Example Visualization
Review the example first, then use the live editor below to run and customize the full workflow.
Mathematical Foundation
Principal Component Analysis is the default dimensionality-reduction technique when you have a matrix of samples by features and need to visualise the dominant sources of variation.
Equation
X = U * S * V^T (SVD of the centered, scaled data matrix)Parameter breakdown
When to use this technique
Use PCA when you want to reduce dimensionality for visualization, identify outliers, check for batch effects, or pre-process data before clustering or classification. Always scale your data (StandardScaler) unless all features share the same units and dynamic range.
Apply This Technique Now
Run this analysis workflow with AI in seconds. Use the prepared technique prompt or bring your own dataset.
View example prompt
"Run PCA on my dataset, show a scree plot, a 2D scores plot with 95% confidence ellipses colored by group, and a loadings biplot overlay"
How to apply this technique in 30 seconds
Generate
Run the example prompt and let AI generate this technique automatically.
Refine and Export
Adjust code or prompt, then export publication-ready figures.
Implementation Code
The core data processing logic. Copy this block and replace the sample data with your measurements.
import numpy as np
from sklearn.decomposition import PCA
from sklearn.preprocessing import StandardScaler
# --- Simulated metabolomics data: 40 samples, 20 metabolites, 2 groups ---
np.random.seed(42)
n_samples, n_features = 40, 20
group_labels = np.array(['Control'] * 20 + ['Treated'] * 20)

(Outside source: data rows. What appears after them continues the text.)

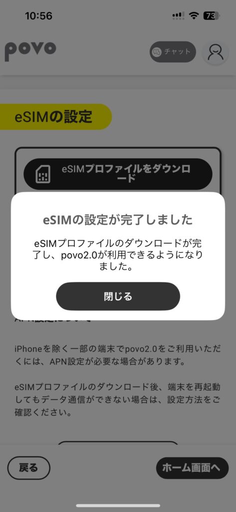 海外でSMSを受信するには、海外ローミングを有効にする必要があります。これは自分では設定できず、povoサポートへの依頼が必要です。
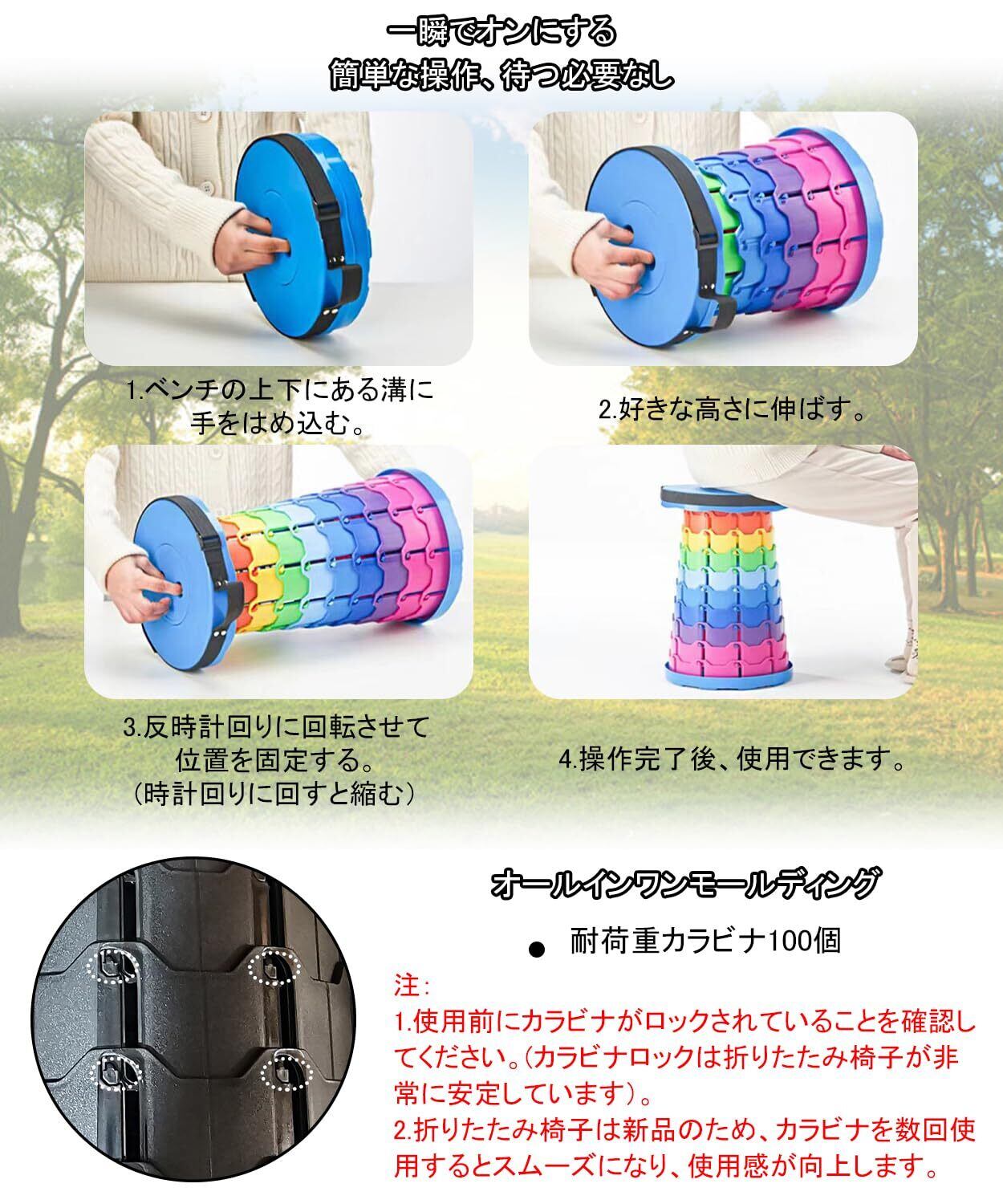 【高い耐荷重能力】わずか1キログラムの軽さにもかかわらず、当社の伸縮式アウトドアチェアは最大150キログラムの重量に耐えることができます。これは、頑丈なABSとポリアミド素材を使用し、9つの高さ調整と固定デザインを採用したためです。その結果、非常に安定性が高いです。
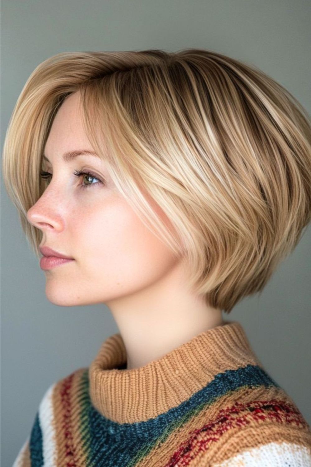 Die Stufen bleiben sanft und lassen Fülle, wo das Haar Unterstützung braucht.
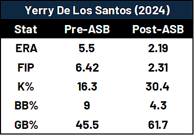 With a 4.12 ERA and 21.3% K% in Triple-A, it makes zero sense to be excited about Yerry De Los Santos, but the Yankees worked with him to make some important tweaks to his usage rates midseason. Through the first half of the 2024 season, De Los Santos had a 5.50 ERA and 6.42 FIP, putting him in the kind of territory where he could find himself cut by the Yankees to make room for other arms coming through their Minor League system. His inability to miss bats stemmed from how often he threw his sinker, a pitch designed to get weak contact, not generate whiffs.
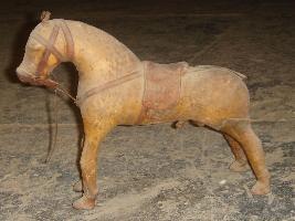 | Description / विवरण | Small stuffed horse, the leather is used to cover the wooden horse, the horse is fully harnessed with leather equipments. |
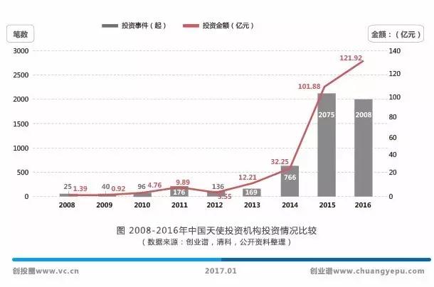 “我们发现,虽然整体市场处于资本寒冬中,但具体到专注于早期投资的天使投资机构,投资金额并没有减少,”16日在北京举行的报告发布会上,创投圈CEO、天使投资人李晓宁表示,统计显示,2016年中国天使投资机构投资起数是2008起,比2015年的2075起略有减少,投资金额是121.92亿元,比2015年的101.88亿元增长了20%,对于希望获得早期天使投资的创业者而言,是一个鼓舞人心的数据。
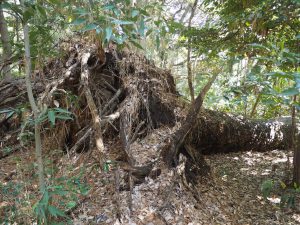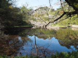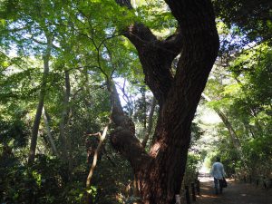 話が前後しますが、園内に入り雑木林の間の道を歩いていると、程なく左右が高くなっていることに気づきます。城の土塁跡で、歩き進むにつれその規模の大きさにも目を見張ることになりますが、そうした中世の城郭跡地に江戸時代の寛文四年(一六六四)松平讃岐守が下屋敷を構えたということです。(下屋敷の前は増上寺の領地でした。)明治になると国有化され、旧海軍の火薬庫として使われたこともありますが、大正時代に宮内省所管の白金御料地となり、昭和に天然記念物および史跡に指定され、国立自然教育園として公開、現在に至っています。

X_ctrl = np.random.normal(0, 1, (20, n_features))
X_trt = np.random.normal(0, 1, (20, n_features))
X_trt[:, :5] += 1.5 # Shift first 5 metabolites in treated group
X = np.vstack([X_ctrl, X_trt])
# --- Scale and run PCA ---
scaler = StandardScaler()
X_scaled = scaler.fit_transform(X)
pca = PCA(n_components=5)
scores = pca.fit_transform(X_scaled)
print("Explained variance ratios:")
for i, ev in enumerate(pca.explained_variance_ratio_):
print(f" PC{i+1}: {ev:.3f} ({ev*100:.1f} %)")

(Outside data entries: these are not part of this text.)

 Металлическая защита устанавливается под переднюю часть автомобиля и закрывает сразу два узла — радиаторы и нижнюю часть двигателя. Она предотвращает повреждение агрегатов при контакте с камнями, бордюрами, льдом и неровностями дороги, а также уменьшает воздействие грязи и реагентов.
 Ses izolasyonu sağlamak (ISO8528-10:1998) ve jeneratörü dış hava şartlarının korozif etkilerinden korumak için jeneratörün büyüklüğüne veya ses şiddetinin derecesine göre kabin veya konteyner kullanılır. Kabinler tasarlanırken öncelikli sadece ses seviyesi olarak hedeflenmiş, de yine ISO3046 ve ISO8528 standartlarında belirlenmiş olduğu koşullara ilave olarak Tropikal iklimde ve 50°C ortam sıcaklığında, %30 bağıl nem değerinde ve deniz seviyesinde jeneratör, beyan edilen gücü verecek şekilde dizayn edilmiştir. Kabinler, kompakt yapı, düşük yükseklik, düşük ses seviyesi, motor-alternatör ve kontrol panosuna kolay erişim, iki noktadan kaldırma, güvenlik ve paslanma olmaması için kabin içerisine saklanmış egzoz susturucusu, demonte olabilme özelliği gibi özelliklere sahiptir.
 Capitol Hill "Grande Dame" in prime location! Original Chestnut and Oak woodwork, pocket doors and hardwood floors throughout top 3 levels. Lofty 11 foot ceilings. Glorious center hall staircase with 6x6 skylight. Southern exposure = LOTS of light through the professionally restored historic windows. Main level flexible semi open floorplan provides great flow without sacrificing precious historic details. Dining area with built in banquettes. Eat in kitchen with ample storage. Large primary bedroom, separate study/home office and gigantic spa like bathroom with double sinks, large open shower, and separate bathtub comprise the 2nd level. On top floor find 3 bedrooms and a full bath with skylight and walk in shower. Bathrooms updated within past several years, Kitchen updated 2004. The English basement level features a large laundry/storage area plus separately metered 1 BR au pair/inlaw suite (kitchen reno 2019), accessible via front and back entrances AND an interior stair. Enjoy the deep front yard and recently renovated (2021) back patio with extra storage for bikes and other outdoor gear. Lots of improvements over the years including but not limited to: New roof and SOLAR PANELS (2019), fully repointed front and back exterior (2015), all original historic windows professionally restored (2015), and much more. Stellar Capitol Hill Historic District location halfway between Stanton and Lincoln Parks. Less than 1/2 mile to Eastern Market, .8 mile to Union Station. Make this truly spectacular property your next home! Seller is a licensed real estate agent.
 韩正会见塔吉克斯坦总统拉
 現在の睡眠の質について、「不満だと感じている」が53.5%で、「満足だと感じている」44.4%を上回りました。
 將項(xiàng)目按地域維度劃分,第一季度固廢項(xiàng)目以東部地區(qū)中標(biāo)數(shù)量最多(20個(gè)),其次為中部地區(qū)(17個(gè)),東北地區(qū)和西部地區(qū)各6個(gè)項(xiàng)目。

print(f" Cumulative (PC1-5): {pca.explained_variance_ratio_.sum()*100:.1f} %")
# Loadings
loadings = pca.components_.T # shape: (n_features, n_components)
feature_names = [f'Metabolite_{i+1}' for i in range(n_features)]Visualization Code
Complete matplotlib code for a publication-ready figure. Copy, paste into your notebook, and adjust labels to match your data.
import numpy as np
import matplotlib.pyplot as plt
from matplotlib.patches import Ellipse
from sklearn.decomposition import PCA
from sklearn.preprocessing import StandardScaler
np.random.seed(42)
X_ctrl = np.random.normal(0, 1, (20, 20))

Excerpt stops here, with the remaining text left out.